Buy or Renew
Buy or Renew
Duo Security forums now LIVE! Get answers to all your Duo Security questions. Learn more
cancel
Turn on suggestions
Auto-suggest helps you quickly narrow down your search results by suggesting possible matches as you type.
Showing results for 
Search instead for 
Did you mean: 
cancel
Start a conversation
1258
Views
5
Helpful
13
Replies

Flex VPN with Azure

Go to solution
angelito_mas
Level 1
Level 1

‎03-22-2022 04:42 AM

Hello,

i am configuring an CSR1000v on an Azure Infrastracture to enable it as Hub Server VPN.

I' ve almost done the configuration but when i do a telnet on its Public IP (on the 500 and 4500 ports) the server is not reachable.

I have already opened the ports on the Security Panel of the Azure Portal.

 

iotodvpn#sh ip socket
Proto Remote Port Local Port In Out Stat TTY OutputIF
17 --listen-- 172.28.0.1 500 0 0 2001011 0
17(v6) --listen-- --any-- 500 0 0 2020011 0
17 --listen-- 172.28.0.1 4500 0 0 2001011 0
17(v6) --listen-- --any-- 4500 0 0 2020011 0

 

Can you help me?

Labels:
0 Helpful
1 Accepted Solution

Accepted Solutions
13 Replies 13

Go to solution
Rob Ingram
VIP
VIP

‎03-22-2022 04:50 AM

@angelito_mas the FlexVPN hub would be listening on UDP, when you are connecting are you using UDP? If you've opened the ports and you can at least ping, connect a spoke for testing and enable IKEv2 debugs (if you are having an issue).

0 Helpful

Go to solution
angelito_mas
Level 1
Level 1
In response to Rob Ingram

‎03-22-2022 04:55 AM

@Rob Ingram i can ping but i cannot connect a spoke.

When I test the connectivity with a telnet on the port from the command prompy of my pc, it says that the host is not responding.

 

0 Helpful

Go to solution
Rob Ingram
VIP
VIP
In response to angelito_mas

‎03-22-2022 05:09 AM

@angelito_mas natively windows is going to telnet to TCP, not UDP. You'd have to use a tool to query using UDP

https://docs.microsoft.com/en-US/troubleshoot/windows-server/networking/portqry-command-line-port-scanner-v2

 

Regardless if you have a spoke, turn on debugs on the hub, if debug is generated that will confirm whether you've got connectivity....if it fails, then it's a configuration issue, but at least you've confirmed the ports are open.

Go to solution
angelito_mas
Level 1
Level 1

‎03-22-2022 05:32 AM

@Rob Ingram 

thank you! i did not know this tool..

Now, I would to enable the local authentication just for testing the tunnel.

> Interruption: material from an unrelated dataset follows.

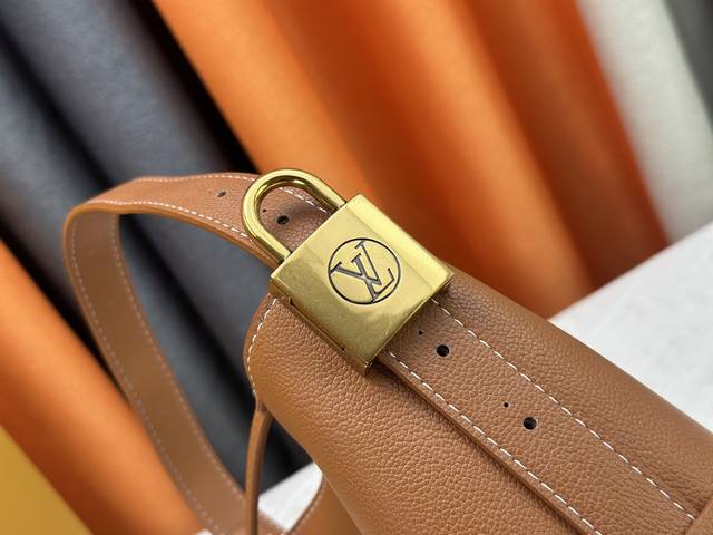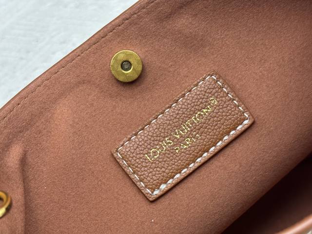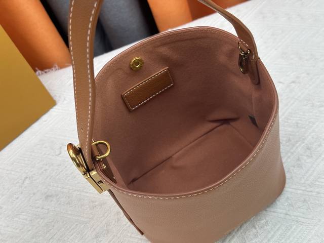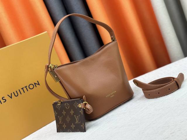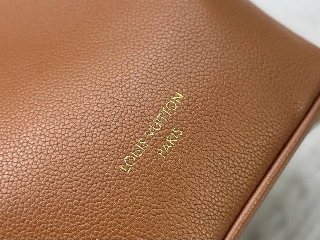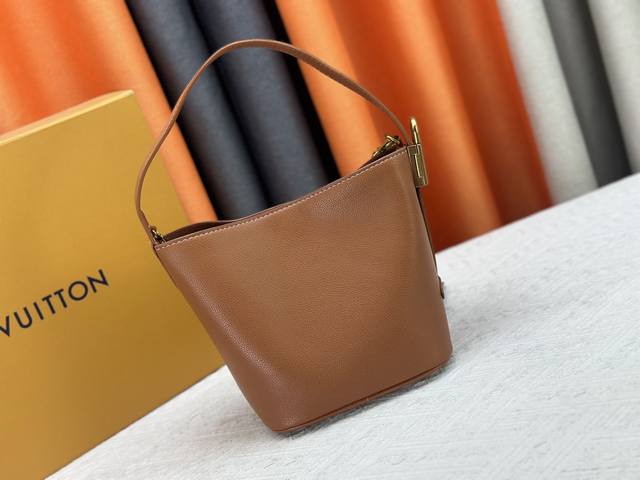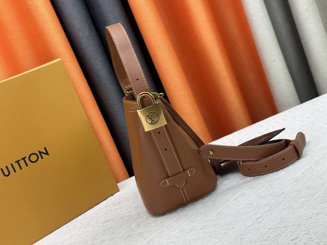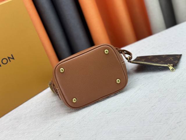 This All In Bb bag, from the Low Key collection, is crafted from grained cowhide leather into a compact bucket bag shape, allowing for versatile day-to-night carry options. Distressed hardware conveys a vintage feel, while the padlock and removable Monogram pocket highlight the brand's signature style.

How can I do? 

0 Helpful

Go to solution
Rob Ingram
VIP
VIP
In response to angelito_mas

‎03-22-2022 05:36 AM

@angelito_mas You mean authentication of a Site-to-Site VPN using Pre-shared-key/certificates? or are you setting up a Remote Access VPN and want to authenticate to the hub using a local username/password?

0 Helpful

Go to solution
angelito_mas
Level 1
Level 1
In response to Rob Ingram

‎03-22-2022 05:39 AM

@Rob Ingram At the moment I need to authenticate to the hub using a local username/password.

0 Helpful

Go to solution
Rob Ingram
VIP
VIP
In response to angelito_mas

‎03-22-2022 05:40 AM

@angelito_mas ok, refer to this Cisco guide for Remote Access VPN using local username/password.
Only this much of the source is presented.